(EXERCISE PROMPT):
Take the whole listing and reproduce it exactly, pictures excepted.

(MATERIAL FOR THIS TASK):

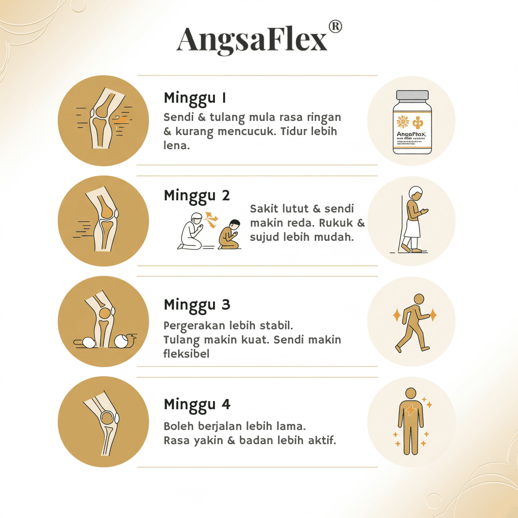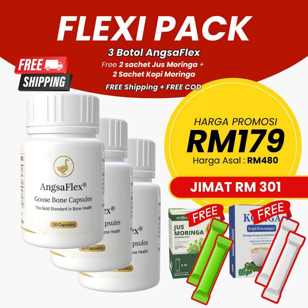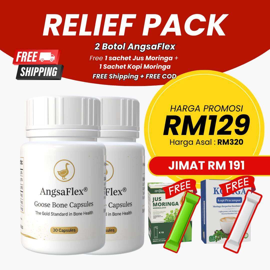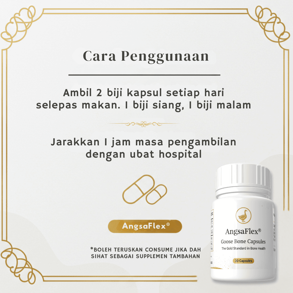 AngsaFlex membantu memulihkan tulang patah/retak, kuatkan tulang rapuh, kurangkan sakit sendi & bengkak, serta bantu masalah saraf & kebas-kebas.
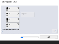 Verificare che la carta caricata nella fonte di alimentazione sia specificata correttamente. ![]() ![]() Se i formati carta sono corretti, premere <OK>. Per le informazioni sullo schermo e le istruzioni su come cambiare le impostazioni, vedere Indicazione di formato e tipo di carta nel cassetto. Se non è stato eseguito l'accesso come amministratore, procedere al passo 10. | |
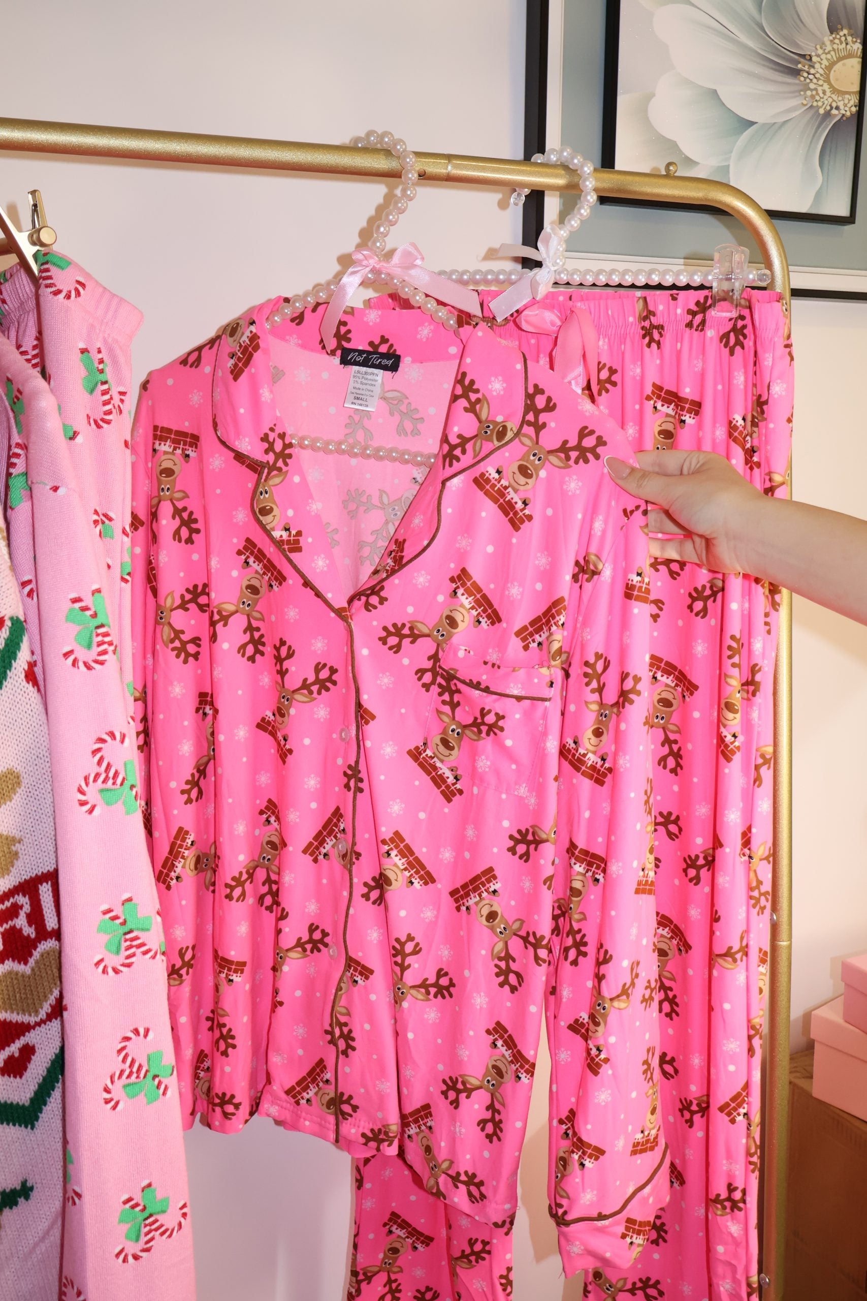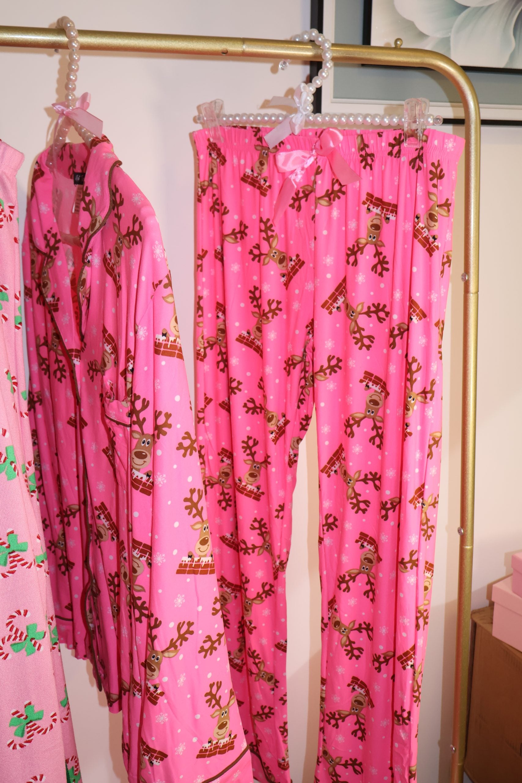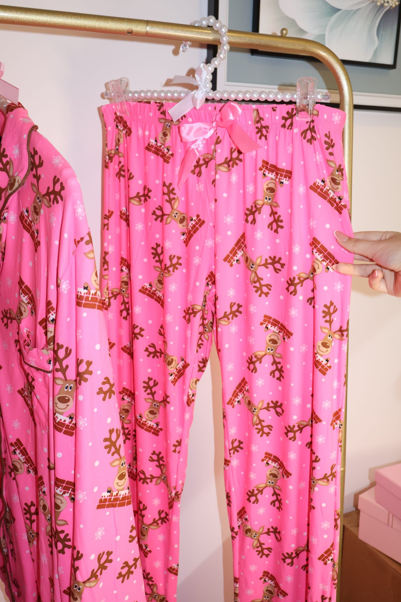 Confeccionado en una tela suave al tacto y decorado con renos y elementos festivos, este conjunto en tono rosa cálido es perfecto para crear recuerdos junto al árbol, descansar en casa o sorprender con el regalo más acogedor de la temporada.
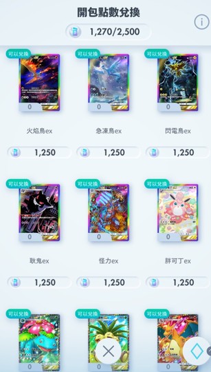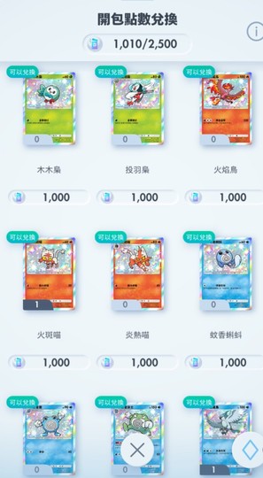 各包的兌換點數(pt)都沒用過,可兌換您想要的牌
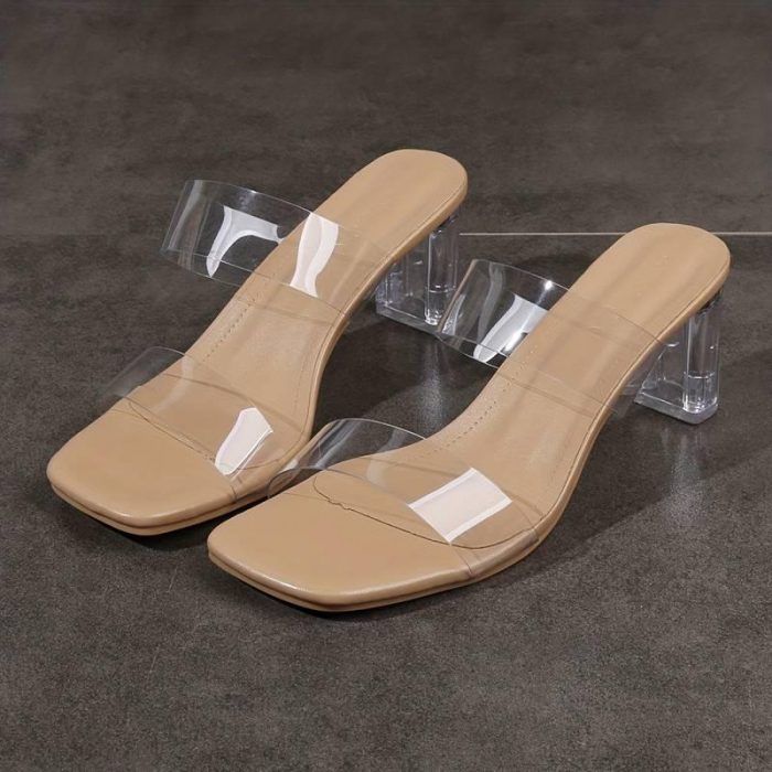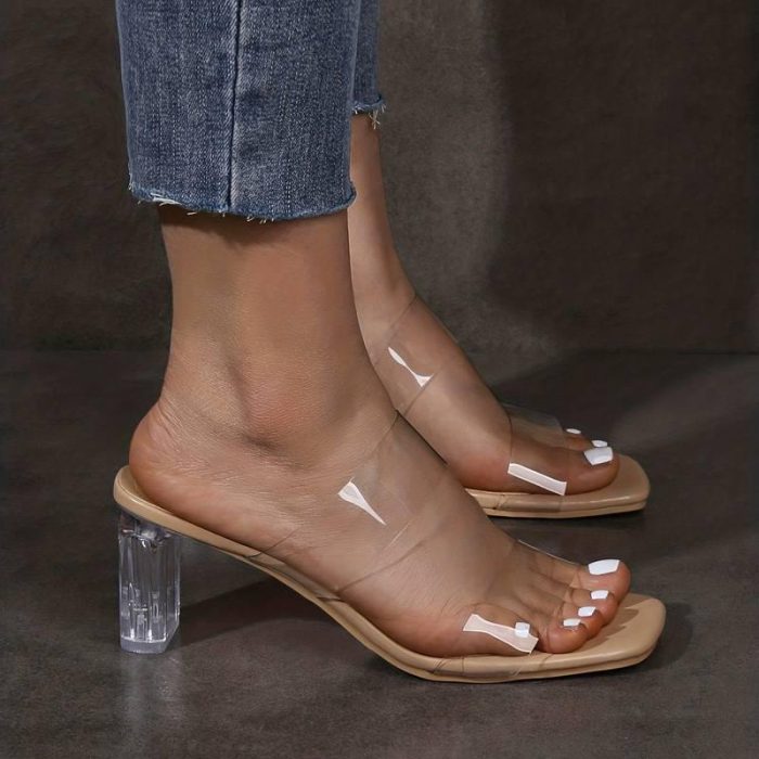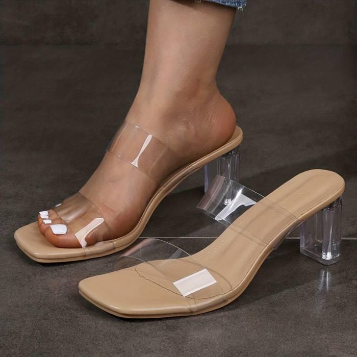 Home Calzado Sandalias Sandalias Tacon Transparente De Punta Cuadrada
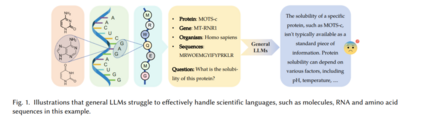除了自然语言,为了封装更专业的科学知识,开发了一系列的科学语言,如图1所示。这包括科研领域的文本表达、定义数学公式的数学语言、代表分子结构的化学语言(如SMILES),以及描述蛋白质或基因组的生物语言,详细说明生物体的复杂构成。这些科学语言带有它们独特的词汇,每个术语都有特定的含义,与自然语言完全不同。例如,英文中的字符“C”在蛋白质语言中代表氨基酸半胱氨酸[87],而在SMILES语言系统中,它代表一个碳原子[262]。此外,特定领域的专家制定语法规则来组织这些术语,使构建的句子具有精确的语义功能。例如,计算化学家创建语法规则以确保机器生成分子的准确性,使用的是SELFIES格式[128]。经过数十年的演变,科学语言已成为无价的工具,显著加速了科学发现。由于科学语言与自然语言之间可能存在的语义和语法差异,现有的通用LLMs(如ChatGPT 1或GPT-4 [190])通常无法正确处理分子和蛋白质等科学数据[5]。正如著名的奥地利哲学家路德维希·维特根斯坦所指出的,“我的语言的极限意味着我的世界的极限。”[202] 通用LLMs的世界可能仅限于自然语言。

(EXERCISE SOLUTION):
 AngsaFlex membantu memulihkan tulang patah/retak, kuatkan tulang rapuh, kurangkan sakit sendi & bengkak, serta bantu masalah saraf & kebas-kebas.
 Verificare che la carta caricata nella fonte di alimentazione sia specificata correttamente. ![]() ![]() Se i formati carta sono corretti, premere <OK>. Per le informazioni sullo schermo e le istruzioni su come cambiare le impostazioni, vedere Indicazione di formato e tipo di carta nel cassetto. Se non è stato eseguito l'accesso come amministratore, procedere al passo 10. | |
 Confeccionado en una tela suave al tacto y decorado con renos y elementos festivos, este conjunto en tono rosa cálido es perfecto para crear recuerdos junto al árbol, descansar en casa o sorprender con el regalo más acogedor de la temporada.
 各包的兌換點數(pt)都沒用過,可兌換您想要的牌
 Home Calzado Sandalias Sandalias Tacon Transparente De Punta Cuadrada
除了自然语言,为了封装更专业的科学知识,开发了一系列的科学语言,如图1所示。这包括科研领域的文本表达、定义数学公式的数学语言、代表分子结构的化学语言(如SMILES),以及描述蛋白质或基因组的生物语言,详细说明生物体的复杂构成。这些科学语言带有它们独特的词汇,每个术语都有特定的含义,与自然语言完全不同。例如,英文中的字符“C”在蛋白质语言中代表氨基酸半胱氨酸[87],而在SMILES语言系统中,它代表一个碳原子[262]。此外,特定领域的专家制定语法规则来组织这些术语,使构建的句子具有精确的语义功能。例如,计算化学家创建语法规则以确保机器生成分子的准确性,使用的是SELFIES格式[128]。经过数十年的演变,科学语言已成为无价的工具,显著加速了科学发现。由于科学语言与自然语言之间可能存在的语义和语法差异,现有的通用LLMs(如ChatGPT 1或GPT-4 [190])通常无法正确处理分子和蛋白质等科学数据[5]。正如著名的奥地利哲学家路德维希·维特根斯坦所指出的,“我的语言的极限意味着我的世界的极限。”[202] 通用LLMs的世界可能仅限于自然语言。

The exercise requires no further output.